Speaking of principled magistrates and their struggles against rancid politico-criminal actors and their bought-off cadres, I recently saw a powerfully moving documentary on the Italian judge Giovanni Falcone and his colleague Paolo Borsellino. Excellent Cadavers traces the lives and careers of the two prosecutors as they held the Sicilian mob and its political allies to account in the 1986-87 Maxi Trial, during which 360 Mafiosi were convicted of serious crimes. A film that strips away any romance surrounding an organization of cheap, criminal thugs, the movie's emotional punch builds up to its tragic climax, when Falcone is killed with his wife and three policemen by a bomb on a road outside of Sicily's capital, Palermo, on May 23, 1992. Borsellino was killed (along with five policeman) by a car bomb in Via D'Amelio less than two months later. A reminder that the struggle against impunity is not confined to far-away countries. The airport is Palermo is now renamed the Falcone-Borsellino Airport.

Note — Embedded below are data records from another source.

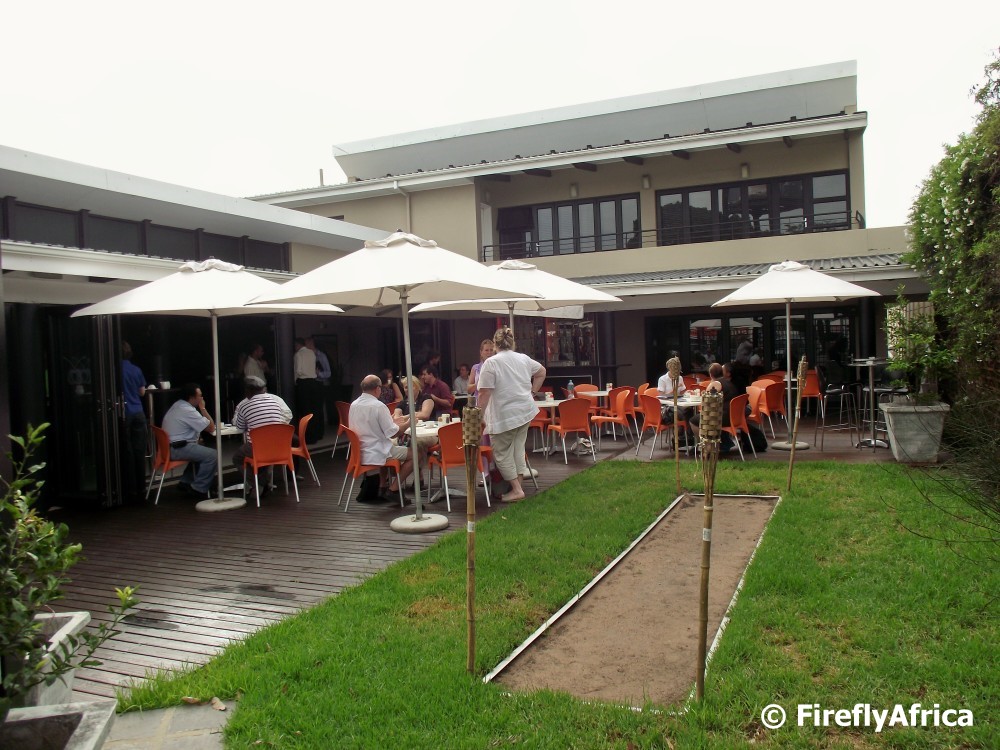 Cherry Place in Walmer is one of the many intimate coffee shops / restaurants that has been springing up all over Port Elizabeth. The premises, home to the highly successful events company Red Cherry Adventures, also houses a conference facility. One of the activities they offer is fire walking which is done on the fire walking pit (looks more like a strip to me) in the picture.
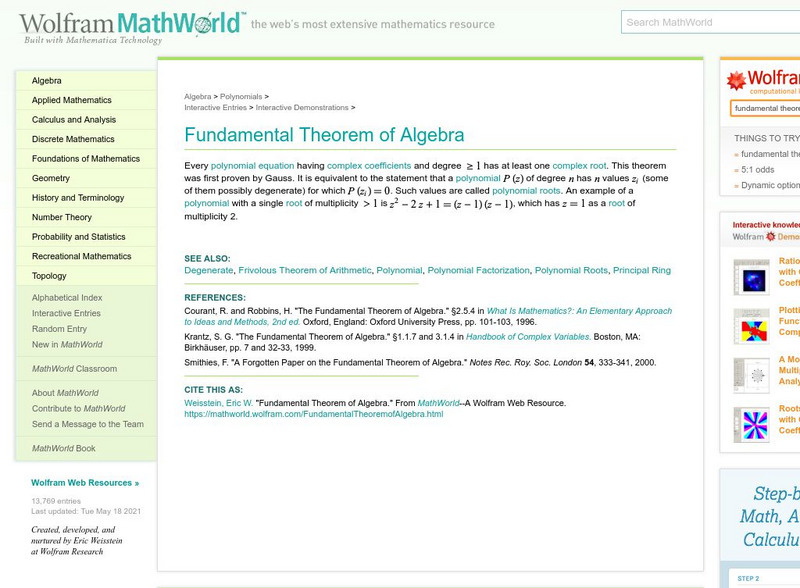 Wolfram Mathworld: Fundamental Theorem of Algebra From Mathworld
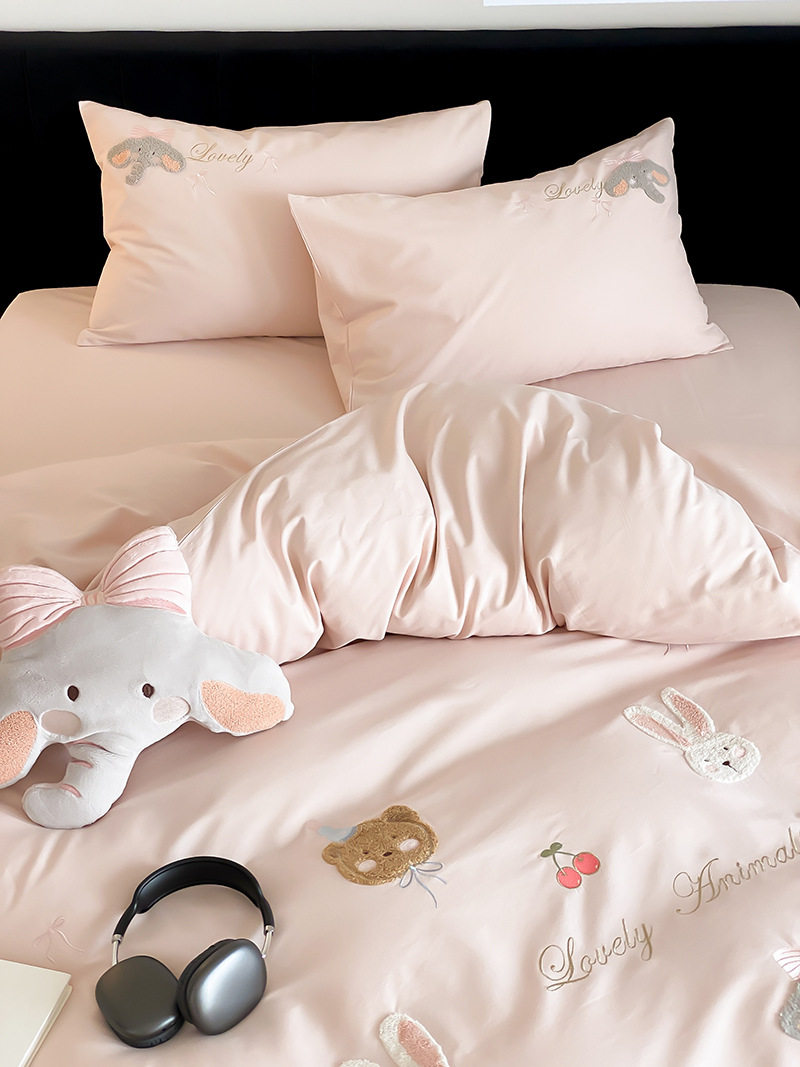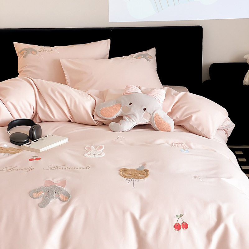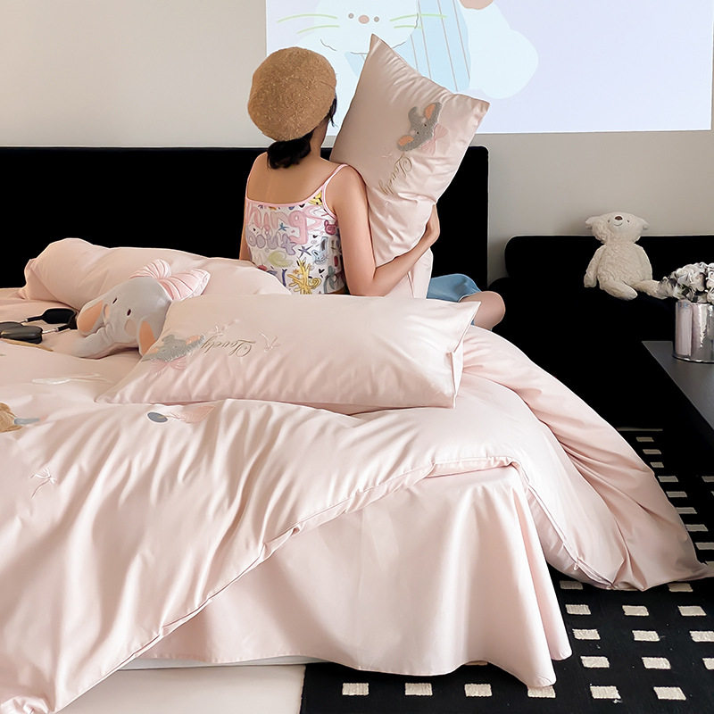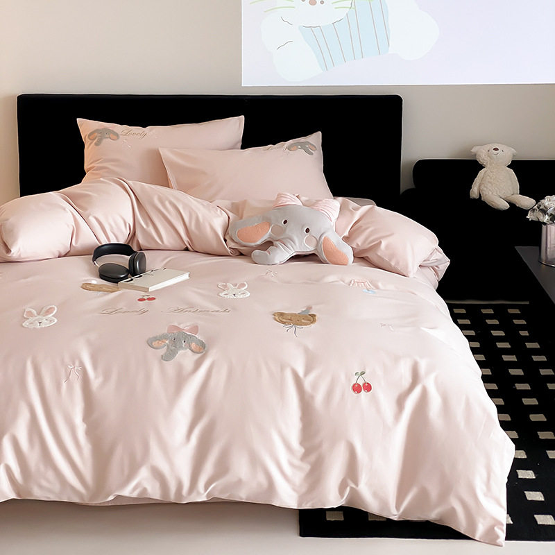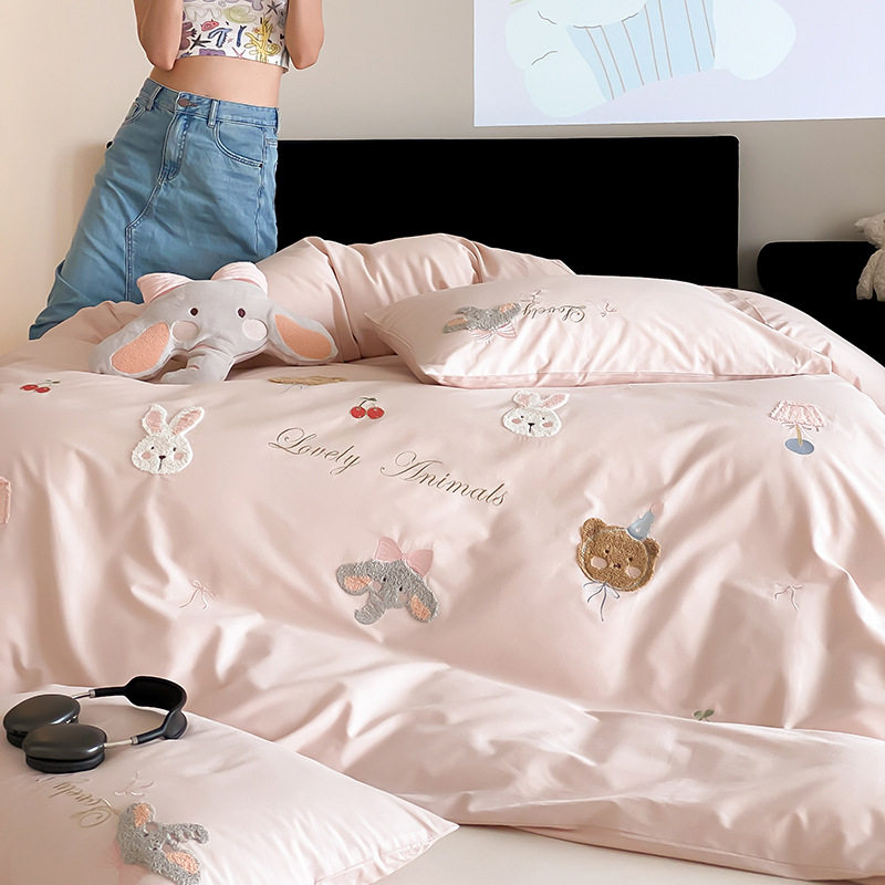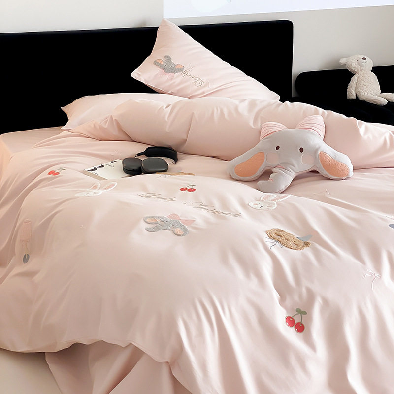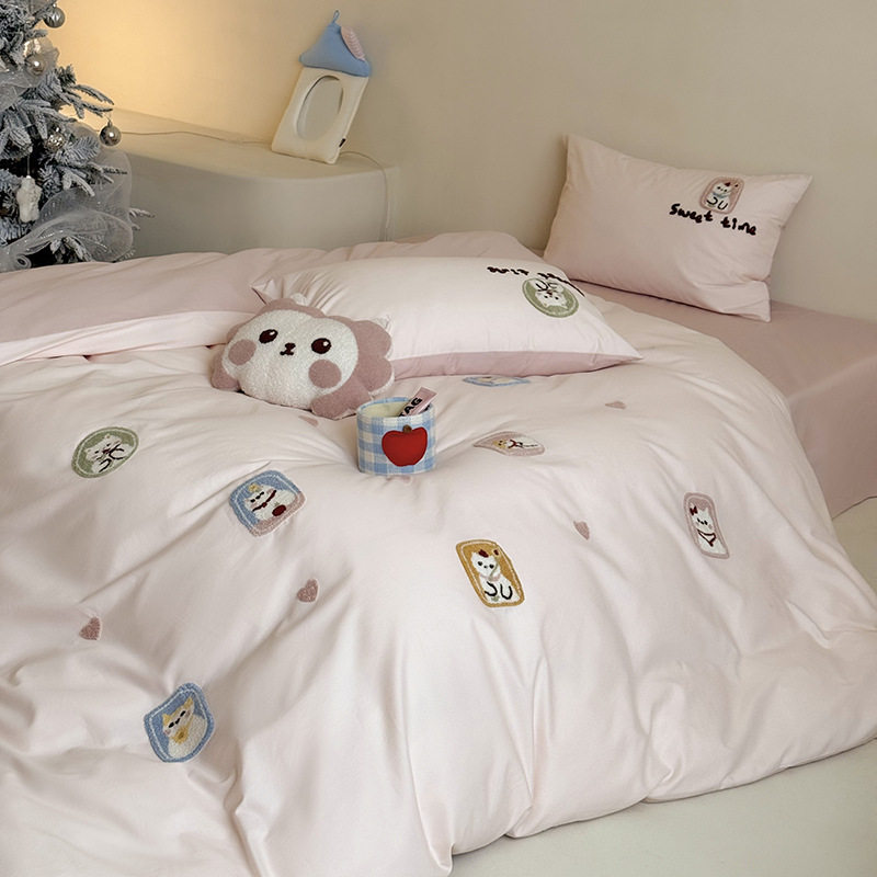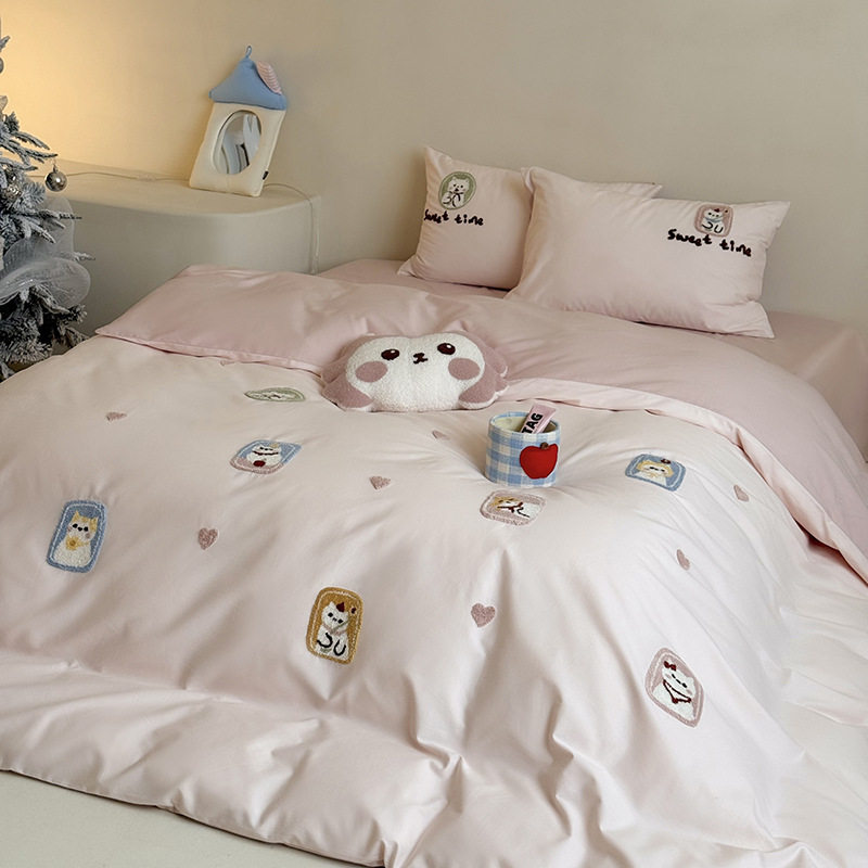High-End All-Cotton Long-Staple Cotton Brushed Four-Piece Set, Girly Pink Fresh Style Duvet Cover, Cartoon Cute Design for All Seasons

A good man back on the job?

Good news from Haiti today, as it appears that none other than Claudy Gassant is back, and was greeted at the airport by Police nationale d’Haïti (PNH) Directeur Général Mario Andrésol . Haiti-watchers will recall the heroic way in which Gassant persevered in his investigation of the murder of Haiti's best-known journalist, Radio Haiti-Inter director Jean-Léopold Dominique, and that station's caretaker Jean-Claude Louissaint, gunned down on the morning of April 3, 2000, despite great risk to his own life. With the return of Gassant, driven into exile in early 2002, the presence of Andrésol (jailed without trial and also driven into exile under the government of Jean-Bertrand Aristide) and the selection of Luc-Eucher Joseph, Secretary of State for Public, the tide may finally begin to turn against the impunity that has for so long helped to strangle this Caribbean nation no matter who was in power. Let's wish them the best of luck as they will need it.